I’m not an Apple man. Never have been. Probably never will be. I don’t need Apple. I use Linux so all is fine. But Steve Jobs undoubtedly had an significant influence on what and how use technology. His impact can be heard everywhere.

Obama got it right when Jobs an innovator, for he wasn’t an inventor. He took products, packaged them up in a unified system and made them look appealing. He didn’t invent the MP3. He was packaged it better into the iPod. The iPhone is Japanese technology, Chinese built, British designed and American marketed. And all sold at Switzerland prices.

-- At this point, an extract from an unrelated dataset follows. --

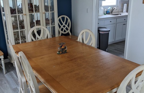 One flight up, this level boasts a comfortable beach-themed living room. Here you can either sit outside on the balcony, or rest indoors on the cozy chairs and sofas. This level also houses a large, windowed kitchen with stainless-steel appliances, including a full-size ice-making fridge, range, microwave and dishwasher. You'll find a wide variety of cookware, dishware and utensils. Two coffee makers (drip and Keurig) help you get caffeinated in the morning. The tucked away Queen bedroom with adjacent full-size bathroom is also located on this level.

What I don’t like about Apple is the locked-in syndrome. You can only use what they sanction, one reason why Flash isn’t available and yet is compatible with 90% of websites. The iTunes system also requires the exclusive use of their products.

There also needs to be some perspective here. Apples are sold in the West, and by the West, I don’t mean the First World. They aren’t that well-known in Asia, non-existent in Africa and rare amongst the developing world masses. Only techies and media types would know about them and computer engineers will use Linux for its open system.

The recent Apple adverts’ tagline was ‘the way we do it (normal things) will never be the same.’ That’s pretty true. But Jobs didn’t save the world here. He improved and packaged technology. To quote Steve Woznaik, the co-founder of Apple, ‘Steve wasn’t into the technology, hardware or software but he knew how to make you want it. Marketing was his greatest strength.’ Hardly a ringing endorsement.

Job did move Apple from PC to MP3, phones and laptops creating the world’s largest technology company by value. Its skill in functionality, smoothness in operation and image and if you buy into it, the integration with other Apple products, make it fairly iconic. The value of the brand says it all.

As a man, I liked Jobs. He had an idea and he went with it. His arrogance was so often proved to be correct, its sustainable. The BBC headline called him a ‘visionary’ (written just like that) and that’s about right. He was also a bit of a hippy, lived in India as a late teenager, a life-long Buddhist and vegetarian and I like him for that. The guy had foresight and guts to stick it through. RIP

“Your work is going to fill a large part of your life, and the only way to be truly satisfied is to do what you believe is great work. And the only way to do great work is to love what you do.” 

“If you haven’t found it yet, keep looking. Don’t settle. As with all matters of the heart, you’ll know when you find it. And, like any great relationship, it just gets better and better as the years roll on.”